A Chinese proverb says: “The best time to plant a tree was 20 years ago. The second best time is now.” That attitude is at the heart of investing for retirement.

Investing for retirement is important at any age. There is nothing wrong in starting in your 20’s or in your 40’s. What is more important is awareness to invest for future and the keenness to build the retirement kitty.

Retirement is an important stage in life. It is a deserved reward for years of working from, say, year 26-to year 60. Awareness to save for golden years is improving these days. But it is far less from what is required. With medical advancements, life expectancy is going to improve. Current life expectancy in India is 68 years. It is likely to increase to 80 years for someone who is in their 30s now.

So, what should be your plan? Should you tie retirement allocation to your age, situation in life or your awareness? In our experience, your plan for retirement at any point in time is based on a combination of these three factors. These three aspects are unique to you.

For example, you may be young. You may have a sizeable income, with no responsibilities. Or you may be in your 40’s, but still struggling to provide for family needs and EMIs. Or you could be in 50’s with assets mostly in FDs and willing to take risk now. These three situations are different, age of awareness is different, so planning for retirement for these three individuals will be different.

When you are young, you have more time to save. You can contribute smaller sums for investments. Typically, when you rise in your career, liquidity improves with higher salaries.
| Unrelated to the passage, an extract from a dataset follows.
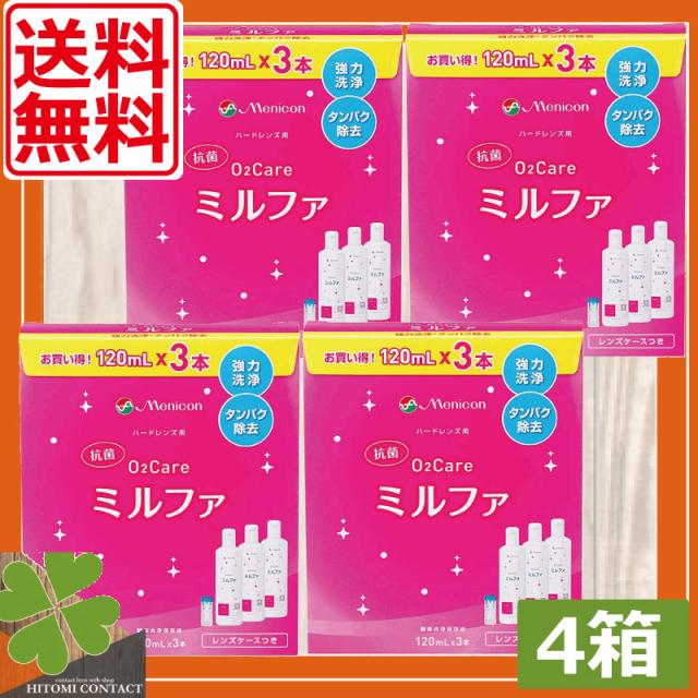 送料無料 メニコン 抗菌O2ケアミルファ(120ml×3本+ケース付)×7箱 ハード O2レンズ

Commitments are met, you may have more surplus in mid-age say 35-40 years.

Although equity is the best bet for high returns, investing entirely in equity may not be the best strategy for retirement goal. The allocation for equity, debt or real estate per se depends on your risk appetite, required rate, & amount you have as surplus and time on your hands. What’s important is to keep an eye on the risk as you evaluate and accumulate the corpus for your retirement.

Your retirement savings should earn enough to keep up with inflation. This is the most important aspect one needs to keep in mind while saving for retirement.
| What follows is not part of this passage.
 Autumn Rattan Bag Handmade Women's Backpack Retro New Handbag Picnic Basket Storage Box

Equities have compounded faster than any other asset class in the last 25 years. Your starting point makes an impact certainly. Many mutual fund companies now offer solution-oriented schemes or goal-oriented schemes with different asset allocation options for retirement purpose. You have NPS, PPF and EPF options too for conservative investors.

Having said this, to make your retirement planning fool-proof and understand bigger picture of finances, you can consider taking help of an advisor to assess your risk and choose the best fit for you to build your retirement kitty. Make sure the decisions you make are the right ones for your age—your investment approach should age with you as per your unique situation.